* Data supplied:
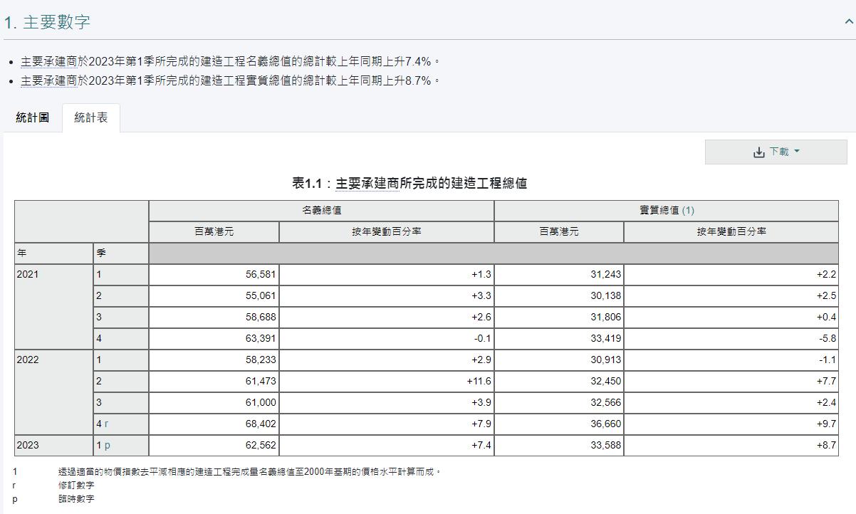 香港特區政府統計處数据截图 據公佈,剔除價格變動的影響後,主要承建商所完成的建造工程總值的總計於同期升8.7%。 按建造工程類別分析,於2023年第一季完成的私人地盤建造工程,名義總值為170億元,較去年同期升18.2%。以實質計算,升幅為17.9%。於2023年第一季完成的公營地盤建造工程名義總值,較上年同期輕微上升0.5%至235億元。以實質計算,升幅為1.5%。 按主要用途類別分析,住宅樓宇建造工程於2023年第一季完成的地盤建造工程,名義總值為125億元,較去年同期升16.4%。同期間,運輸工程於2023年第一季完成的地盤建造工程名義總值上升32.4%至101億元。 以經季節性調整的數字按季比較,主要承建商於2023年第一季完成的建造工程名義總值較2022年第四季上升3%。以實質計算,升幅為3.6%。(完) 【編輯:凌玉辉】
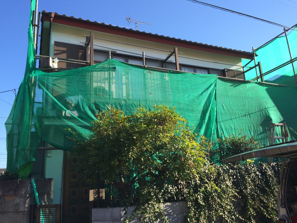メッシュシート張り付け。
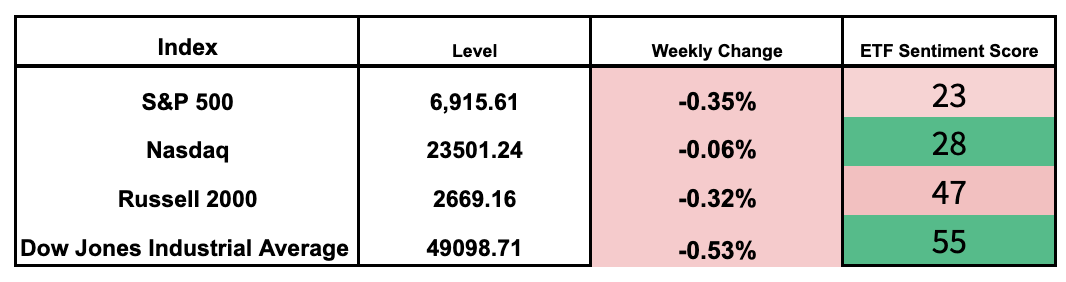 Major stock indices finished mixed in a volatile, short week as investors grappled with a “Greenland-induced” trade war scare and a significant plunge in Intel shares. While markets initially tumbled after President Trump threatened fresh 10% tariffs on eight European allies to pressure a sale of Greenland, equities recovered mid-week when he signaled a de-escalation at Davos. However, the week ended on a cautious note with the S&P 500 suffering its second straight weekly loss, as gold surged toward $5,000 and silver topped $100 amid persistent geopolitical uncertainty and Intel’s 17% post-earnings slide.
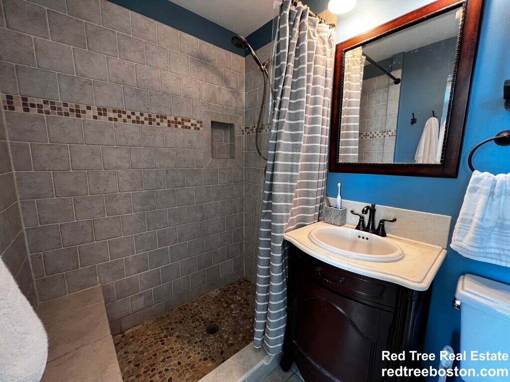 Impresionante condominio de dos camas y dos baños, ubicado en el vecindario más buscado de Roslindale, Peter's Hill. A pasos del Arboreto Arnold, la línea ferroviaria Needham Commuter y todas las fabulosas tiendas y restaurantes de Roslindale's. Este condominio se encuentra dentro de una hermosa casa victoriana rodeada de exuberantes paisajes y un soleado oasis en el patio trasero. Hermoso baño principal en la suite con detalles de azulejos y piedras. El espacio flexible en el rincón se puede utilizar como rincón de comedor o como oficina en casa. aire acondicionado central, pisos de madera, cocina renovada, lavadora/secadora en la unidad y espacio exclusivo para uso en el patio. Se incluye un lugar de estacionamiento Disponible el 1 de septiembre.
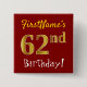 Red, Faux Gold 62nd Birthday, With Custom Name 2 Inch Square Button
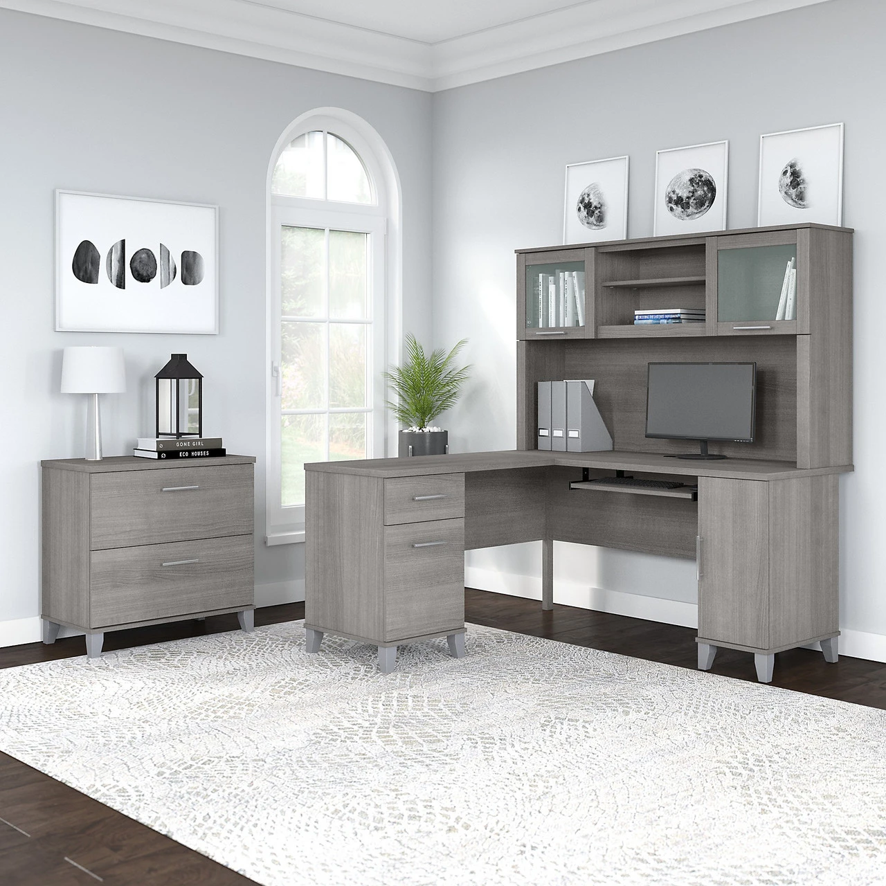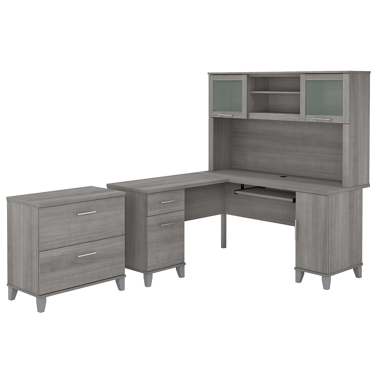 Bush Furniture Somerset 60W L Shaped Desk w Hutch w Lateral File Cabinet Platinum Gray – SET008PG
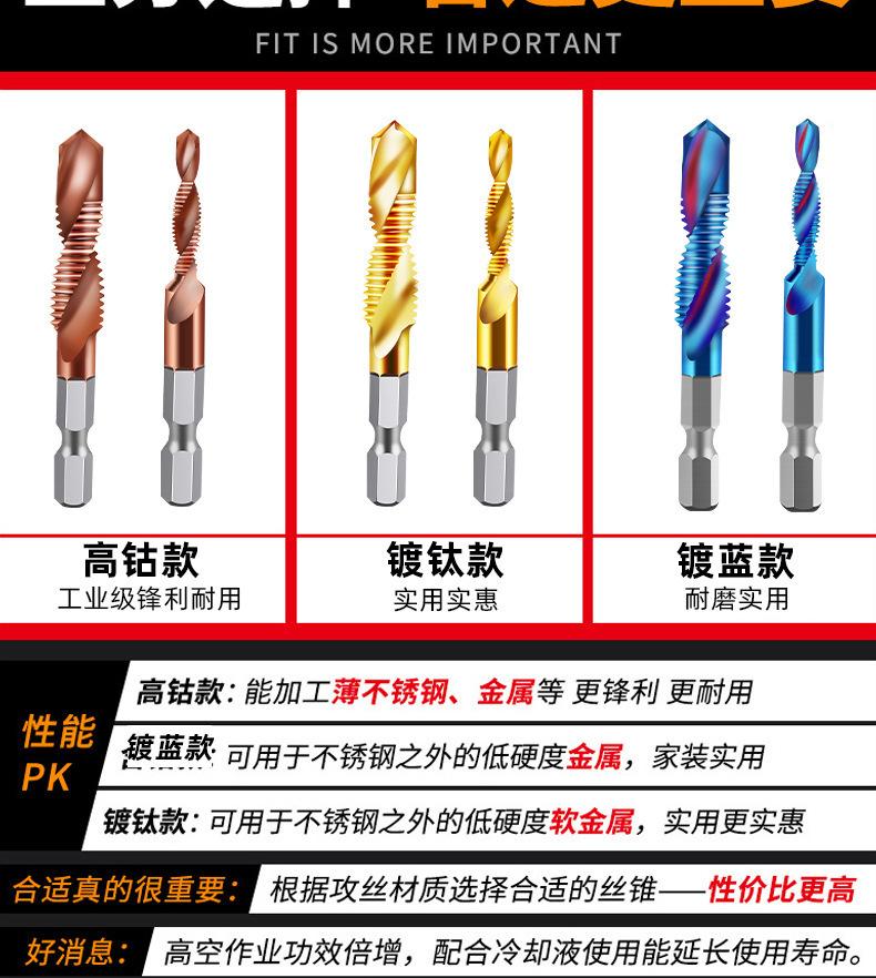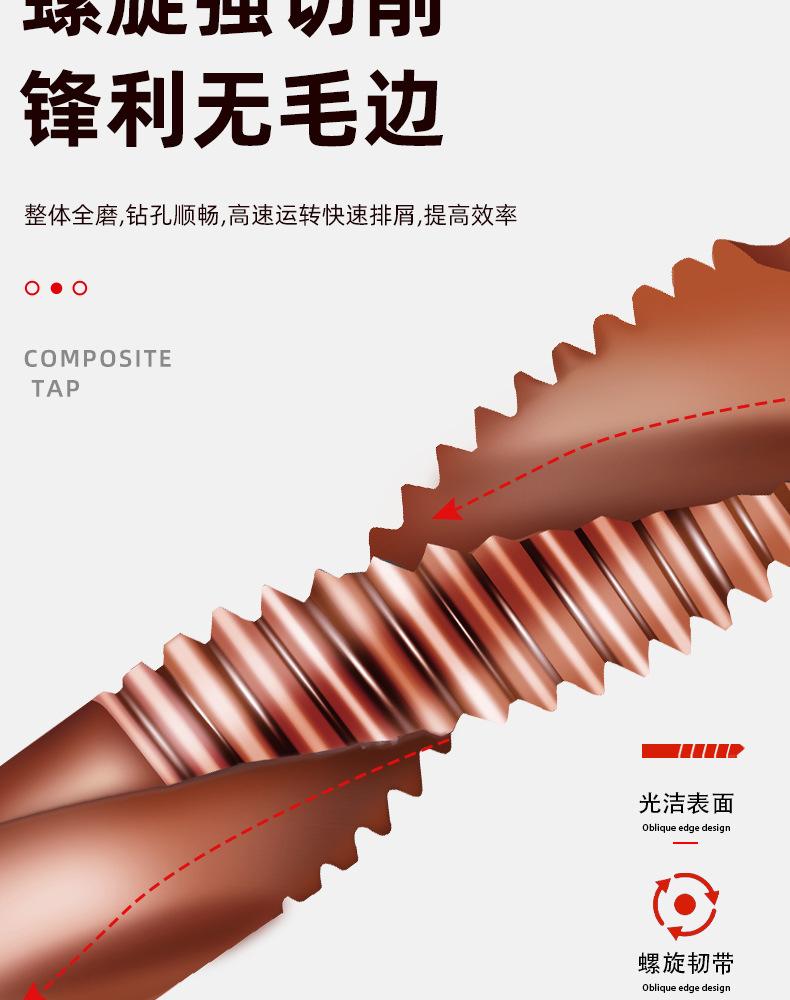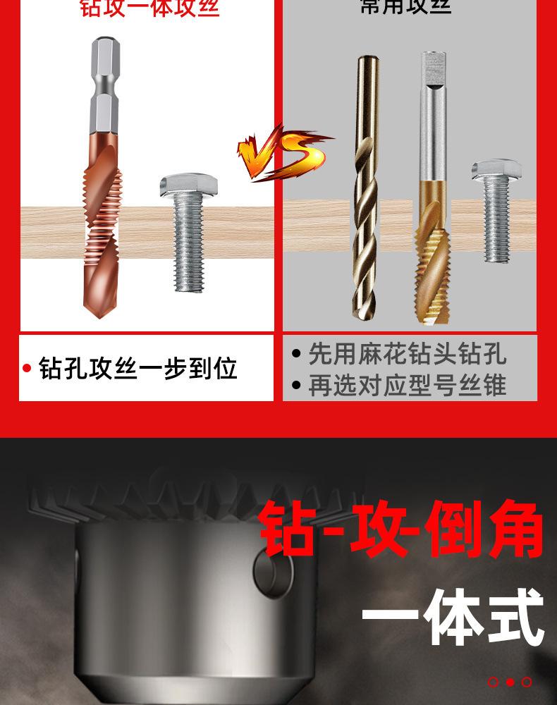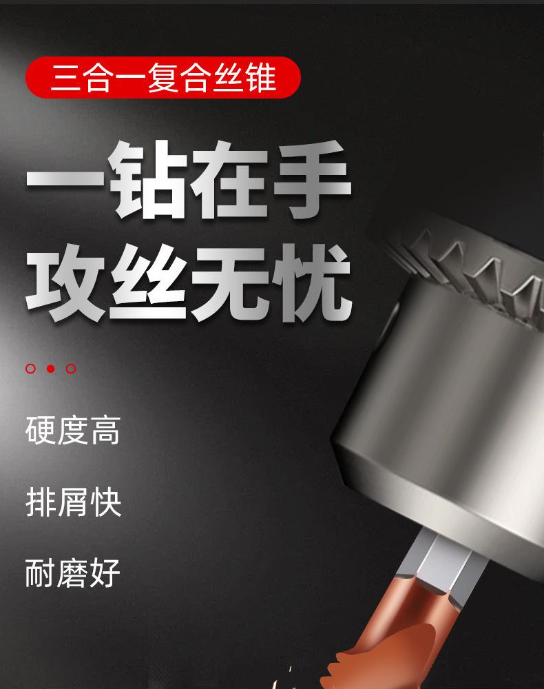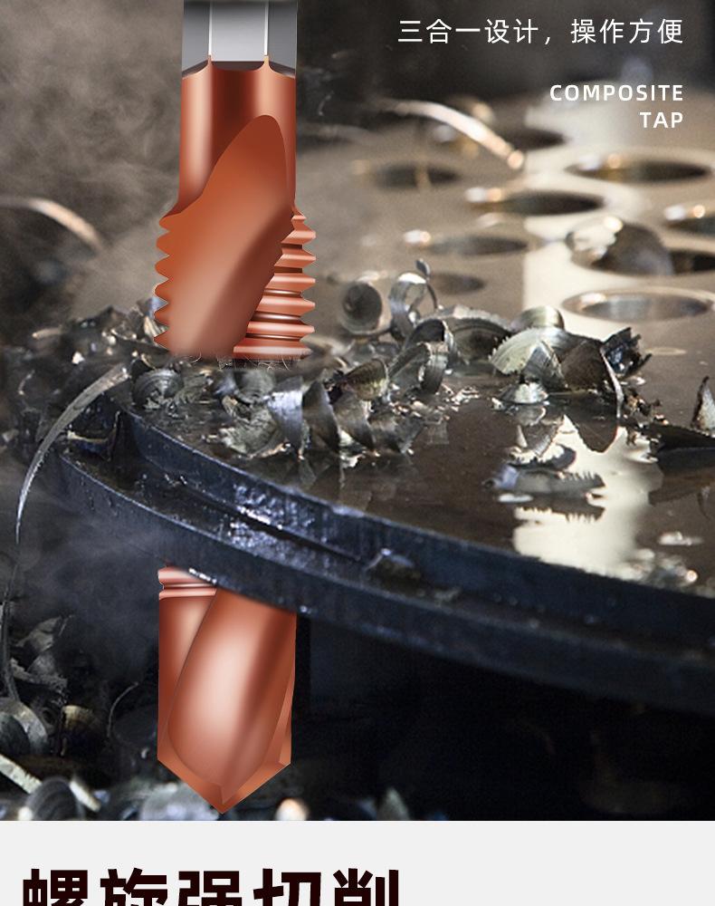 Broca Espiral para Macho de Roscar Compuesto Tres en Uno Integrado para Taladrar y Roscado para Roscado de Tornillos Autorroscantes

* What is needed:
Transcribe all of the lines above exactly as given. The pictures stay out.

* Task solution:
 香港特區政府統計處数据截图 據公佈,剔除價格變動的影響後,主要承建商所完成的建造工程總值的總計於同期升8.7%。 按建造工程類別分析,於2023年第一季完成的私人地盤建造工程,名義總值為170億元,較去年同期升18.2%。以實質計算,升幅為17.9%。於2023年第一季完成的公營地盤建造工程名義總值,較上年同期輕微上升0.5%至235億元。以實質計算,升幅為1.5%。 按主要用途類別分析,住宅樓宇建造工程於2023年第一季完成的地盤建造工程,名義總值為125億元,較去年同期升16.4%。同期間,運輸工程於2023年第一季完成的地盤建造工程名義總值上升32.4%至101億元。 以經季節性調整的數字按季比較,主要承建商於2023年第一季完成的建造工程名義總值較2022年第四季上升3%。以實質計算,升幅為3.6%。(完) 【編輯:凌玉辉】
メッシュシート張り付け。
 Major stock indices finished mixed in a volatile, short week as investors grappled with a “Greenland-induced” trade war scare and a significant plunge in Intel shares. While markets initially tumbled after President Trump threatened fresh 10% tariffs on eight European allies to pressure a sale of Greenland, equities recovered mid-week when he signaled a de-escalation at Davos. However, the week ended on a cautious note with the S&P 500 suffering its second straight weekly loss, as gold surged toward $5,000 and silver topped $100 amid persistent geopolitical uncertainty and Intel’s 17% post-earnings slide.
 Impresionante condominio de dos camas y dos baños, ubicado en el vecindario más buscado de Roslindale, Peter's Hill. A pasos del Arboreto Arnold, la línea ferroviaria Needham Commuter y todas las fabulosas tiendas y restaurantes de Roslindale's. Este condominio se encuentra dentro de una hermosa casa victoriana rodeada de exuberantes paisajes y un soleado oasis en el patio trasero. Hermoso baño principal en la suite con detalles de azulejos y piedras. El espacio flexible en el rincón se puede utilizar como rincón de comedor o como oficina en casa. aire acondicionado central, pisos de madera, cocina renovada, lavadora/secadora en la unidad y espacio exclusivo para uso en el patio. Se incluye un lugar de estacionamiento Disponible el 1 de septiembre.
 Red, Faux Gold 62nd Birthday, With Custom Name 2 Inch Square Button
 Bush Furniture Somerset 60W L Shaped Desk w Hutch w Lateral File Cabinet Platinum Gray – SET008PG
 Broca Espiral para Macho de Roscar Compuesto Tres en Uno Integrado para Taladrar y Roscado para Roscado de Tornillos Autorroscantes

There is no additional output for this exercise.